Safe cuts 14 team members months after Bybit’s $1.43b theft

Months after the Bybit hack raised alarm over custodial risks, Safe has laid off 14 employees, citing coordination challenges.
Safe, a self-custody crypto infrastructure provider, has laid off 14 team members as part of a major restructure, months after a $1.43 billion theft from crypto exchange Bybit was traced back to a compromised Safe developer machine.
Today was the toughest day since starting Safe:
We are restructuring the teams and parting ways with 14 teammates, people we deeply respect, who’ve each contributed meaningfully to our journey.
We know this is incredibly hard. There’s no perfect way to do this, and no words…
— lukasschor.eth (@SchorLukas) April 16, 2025
In an X post on Wednesday, Safe’s co-founder Lukas Schor said the firm is “restructuring the teams and parting ways with 14 teammates, people we deeply respect, who’ve each contributed meaningfully to our journey.” Schor added that the decision was driven by growing complexity within the company and increasing expectations from projects building on Safe.

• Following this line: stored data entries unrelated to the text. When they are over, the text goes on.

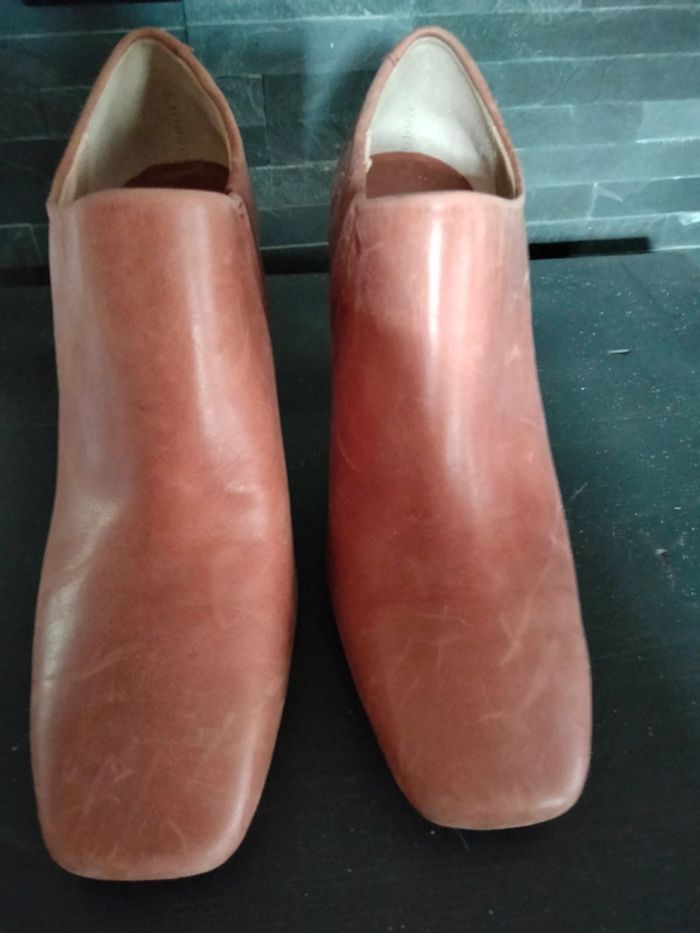 Bottines basses cuir vieilli talon 8 cm comme neuves - photo numéro 3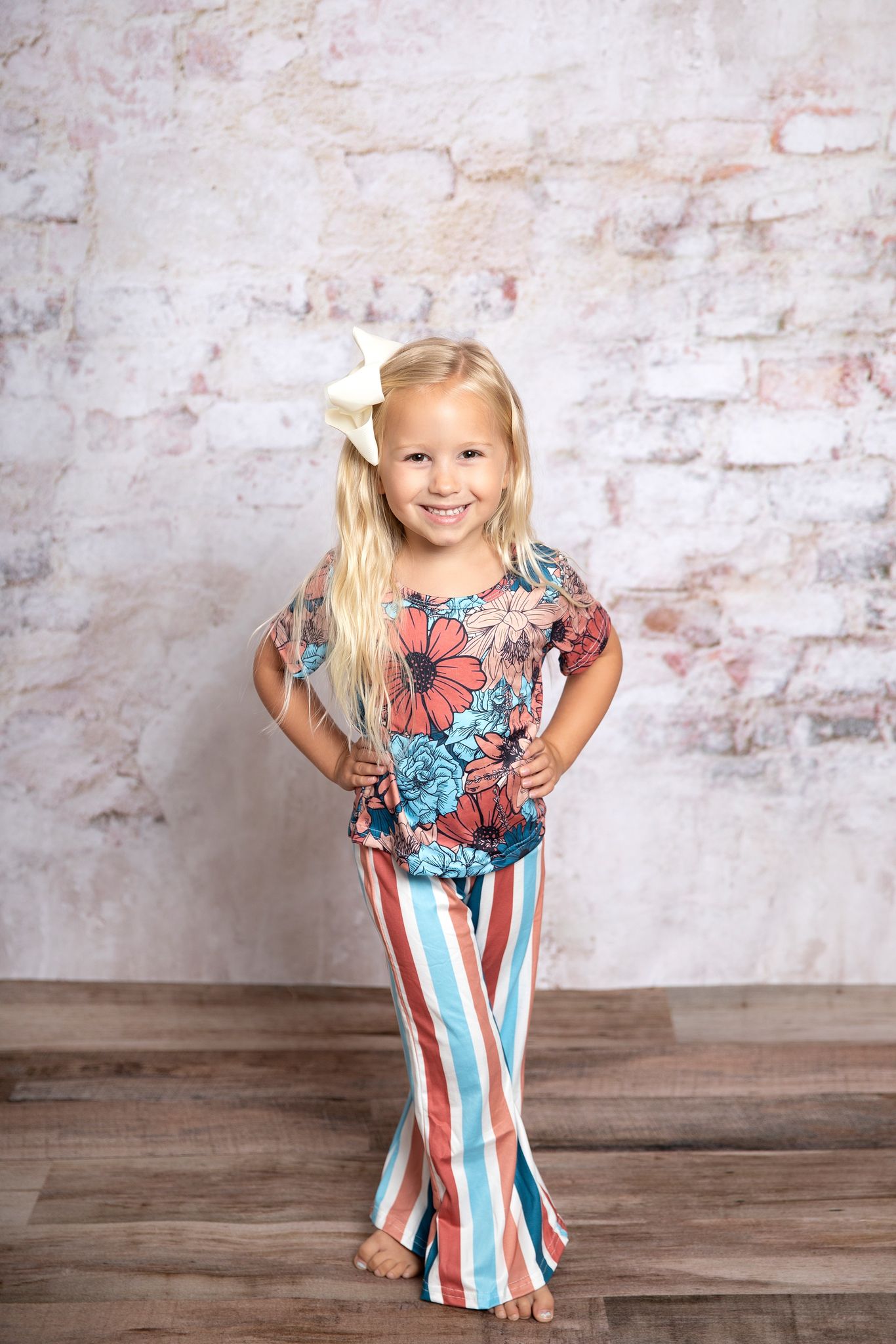 Girls floral top stripes bell pants outfits GSPO0578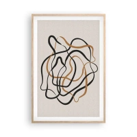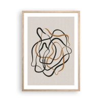 Poster in einem schwarzem Rahmen - Verworrene Linien in Schwarz und Gold auf hellem Hintergrund - 100x70cm - Alles ging schief - Moderne Wanddekoration für Wohnzimmer und Schlafzimmer ARTTOR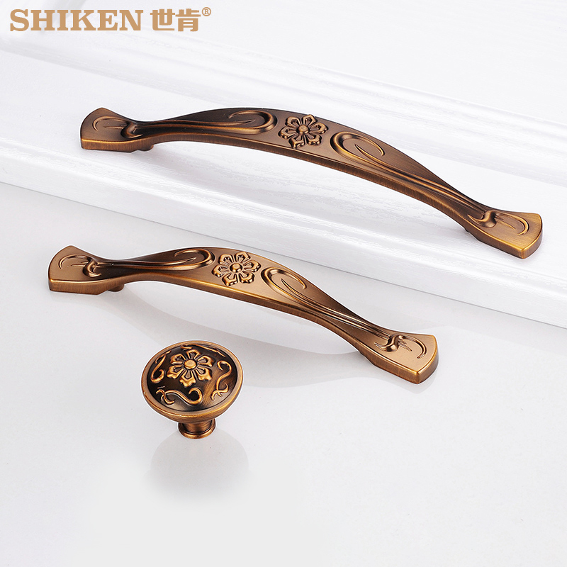 Yellow Ancient Bronze Wardrobe Door Handle Eurostyle Antique Drawers Single-Hole Bed Head Cabinet Whole Closet Cupboard Furniture hardware handle American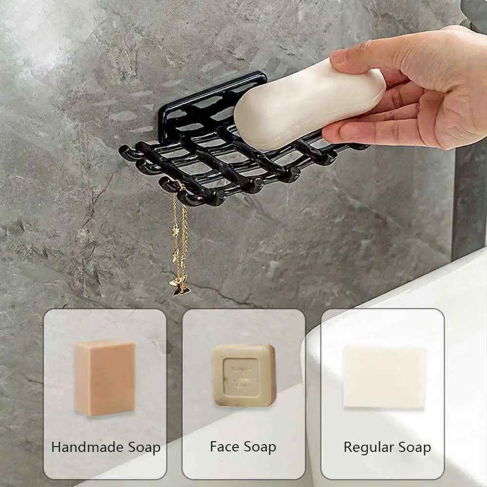 Rejilla mejorada para jabón, estante para jabón montado en la pared, sin perforaciones, caja de almacenamiento para baño, estante de drenaje para jabón.

“Over the past year, complexity has grown. As the ecosystem evolved and opportunities expanded, we scaled our efforts to explore new paths. But that growth came with increased coordination challenges, and over time, it started to affect our ability to move at the pace we expect of ourselves.”
Lukas Schor
Schor said Safe is taking extra steps to support those leaving, listing extended garden leave, increased severance, improved token vesting terms, and job placement support within the Ethereum ecosystem.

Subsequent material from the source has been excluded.